Thune’s bill is supported by the American Farm Bureau Federation, the National Cattleman’s Beef Association, NFIB, the National Association of Manufacturers, the Family Business Coalition, the Family Business Estate Tax Coalition, the Policy and Taxation Group, the Associated General Contractors of America, the National Taxpayers Union, and many others.
Companion legislation was introduced in the U.S. House Representatives by Rep. Jason Smith (R-Mo.).
“The estate tax disproportionately harms cattle producers because with few options to pay off tax liabilities, many farm and ranch families are forced to make tough choices at the time of death – and in worst case scenarios, must sell off land to meet their federal tax burden,” said National Cattlemen’s Beef Association President Jerry Bohn.

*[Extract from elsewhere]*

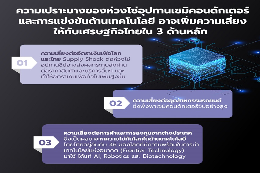 KKP Research มองว่าการแข่งขันด้านเทคโนโลยีระหว่างสหรัฐฯกับจีนรวมไปถึงความเปราะบางของห่วงโซ่อุปทานเซมิคอนดักเตอร์ อาจเพิ่มความเสี่ยงให้กับเศรษฐกิจไทยใน 3 ด้านหลัก ได้แก่
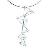 Sculptural handmade pendants with five cascading Sterling silver cubes.

NCBA says an estimated 2,000 acres of agricultural land is paved over, fragmented, or converted to uses that compromise agriculture each day in the United States. With more than 40 percent of farmland expected to transition in the next two decades, Congress must prioritize policies that support land transfers to the next generation of farmers and ranchers. Most farm estate values can be attributed to non-liquid assets such as the fair market value of land, livestock, and equipment.
“As small business owners, environmental stewards, and the economic backbone of rural communities across the country, U.S. cattle producers understand and appreciate the role of taxes in maintaining and improving our nation. However, they also believe that the most effective tax code is an equitable one. For this reason, NCBA ardently supports the Death Tax Repeal Act of 2021,” Bohn said.
“Farmers and ranchers already face unpredictable challenges beyond our control yet persevere to protect our nation’s supply of food, fiber and renewable fuel. The tax code should encourage farm business growth, not add to uncertainty,” said American Farm Bureau Federation President Zippy Duvall. “Eliminating the estate tax removes another barrier to entry for sons and daughters or other beginning farmers to carry-on our agricultural legacy and make farming more accessible to all. We appreciate Senator Thune and Representatives Smith and Bishop for introducing their bills and look forward to working with them to get this important legislation passed.”
AFBF says if the estate tax is not eliminated, instead of spending money to improve their operations, farmers and ranchers, along with all small businesses, will be forced to continue to divert resources to pay for estate planning to account for a shifting and unpredictable tax code.